LITTLE ROCK — Some officials are preparing to look at balloting beyond Nov. 6.
Three days after the general election next month, lawmakers will meet to begin a study of possible changes in the way citizens go about putting initiatives on the ballot.
The study by the House and Senate committees on state agencies and governmental affairs comes in the wake of allegations earlier this year of irregularities in signature-gathering for a pair of ballot proposals.
Sen. Johnny Key, R-Mountain Home, requested the study after the secretary of state’s office determined that 70 percent of signatures submitted in support of one measure to raise the state severance tax and another to allow casino gambling were invalid.
Election officials had expressed concern about the low number of verified signatures and a number of irregularities, including multiple signatures by the same person and suspected forged signatures. In one case, one person’s signature was found at 40 separate times.
Key said any changes to the ballot initiative process recommended as a result of the study would be minor and be limited to rules on signature-gathering.
“It’s not going to be a complete overhaul,” he said.
Article 5 of the state constitution guarantees citizens the right to propose legislative measures.
Representatives for Secretary of State Mark Martin and Attorney General Dustin McDaniel are expected to attend the Nov. 9 meeting, along with a number of concerned citizens, including Little Rock lawyer David Couch, who worked with three different citizen groups this year trying to get proposals on the ballot.

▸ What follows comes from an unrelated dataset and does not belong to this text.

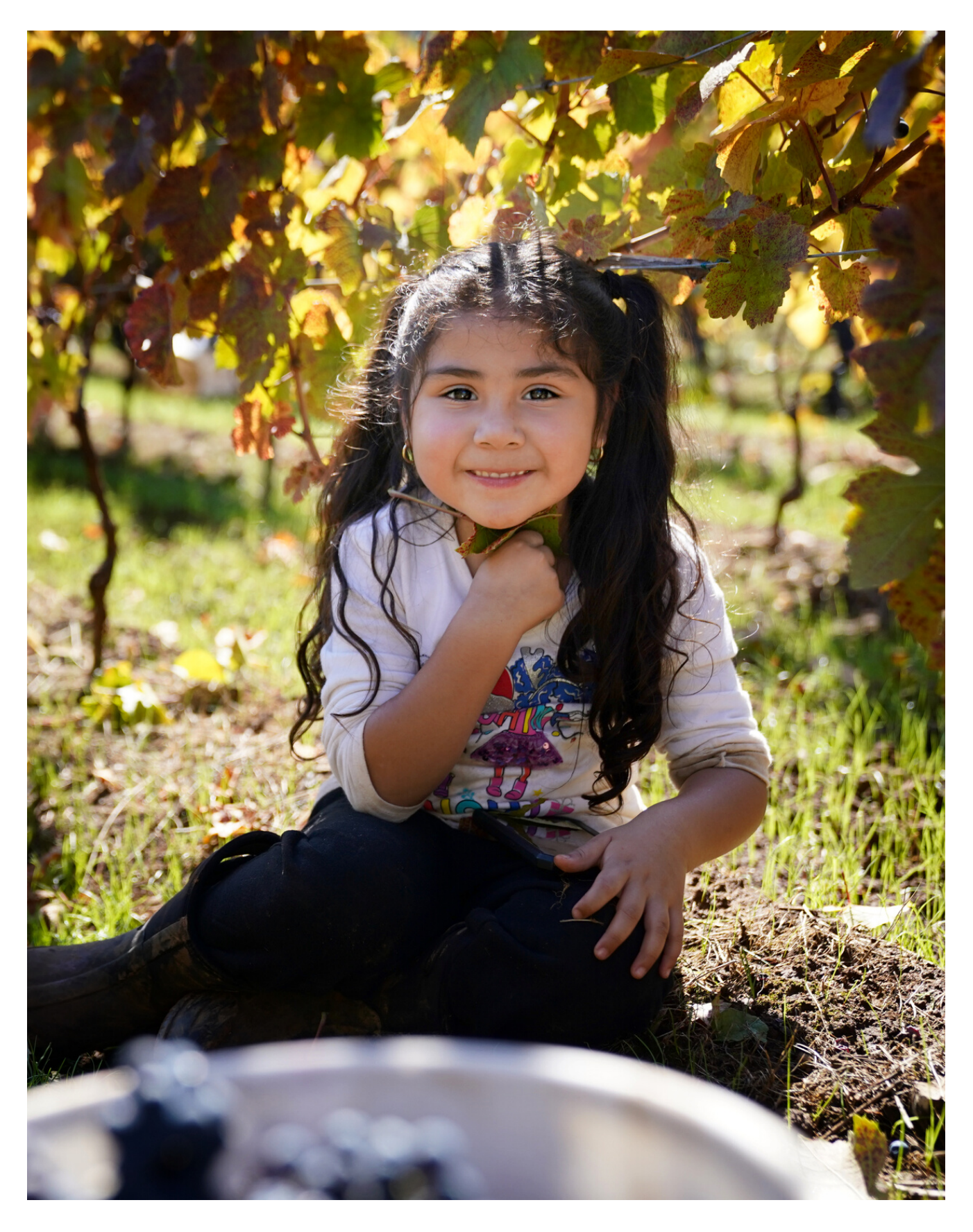
A HOLISTIC APPROACH TO COMMUNITY HEALTH

Doug Matayo, Martin’s chief deputy, told the legislative committees in August that the secretary of state’s office would have recommendations to lawmakers later this year.
Last week, Martin spokesman Alex Reed said those recommendations would not be finalized until after the general election. He said any decision on whether to ask state police to investigate suspected canvassing improprieties also wait until after Nov. 6.
Sheffield Nelson, the former gas company executive who spearheaded a severance tax hike ballot proposal where a number of signature irregularities were found, said in July that he welcomed an investigation and legislation to improve the process.
Nelson did not immediately return a telephone call seeking comment Friday.
Couch said last week he plans to suggest that lawmakers consider passing legislation that would allow canvassers onto “semi-public” property such as business parking lots. Currently, people collecting signatures on business parking lots often are threatened with arrest for trespassing, he said.
Couch said Massachusetts has such a law, and that the California Supreme Court ruled canvassers could legally collect signatures on semi-public property . He said California allows canvassers access to parking lots for a certain number of days before the deadline to turn in petitions.
“The problem now (in Arkansas) is, you’ve got people trying to get signatures in a really confined space,” he said. “If the deadline is, say July 4, then if you have from Jan. 1 to July 4 as a semi-open access, I think it will do away with a lot of problems.”
Couch originally worked with Regnat Populus 2012 and the Better Ethics Now Committee trying to get an ethics reform measure on the ballot. Supporters of that proposal were unable to get the necessary signatures by the July 6 deadline.
Couch said the signature collection firm supporters hired was inexperienced and led them to believe they could get the signatures in time.
“They didn’t know what they were doing, we didn’t know what we were doing,” Couch said. “We trusted them and it’s not that they didn’t try … they just didn’t have the experience that we thought they had and they just didn’t get the job done.”
Couch said the Regnat Populus 2012 and the Better Ethics Now Committee have submitted a ballot title and name of an ethics measure to the attorney general for consideration for the 2014 general election.
Couch also worked with Nelson on his proposal to raise the severance tax on natural gas from 5 percent to 7 percent, but the signature collection process snagged when the person hired to run it brought in untrained people to gather the signatures.
“She was just paying people off the street to go and they were sitting around signing everybody’s name to the petitions,” Couch said, adding they were getting paid $2 a signature. “There was one person that signed the petition 40 times.”
Couch said some professional canvassers travel the country and are skilled and successful in gathering signatures of registered voters.
Couch later agreed to help Arkansans for Compassionate Care with signature gathering for a proposal to legalize marijuana for medical use in Arkansas. That group was successful and the proposed initiated act will appear as Issue 5 on the general election ballot.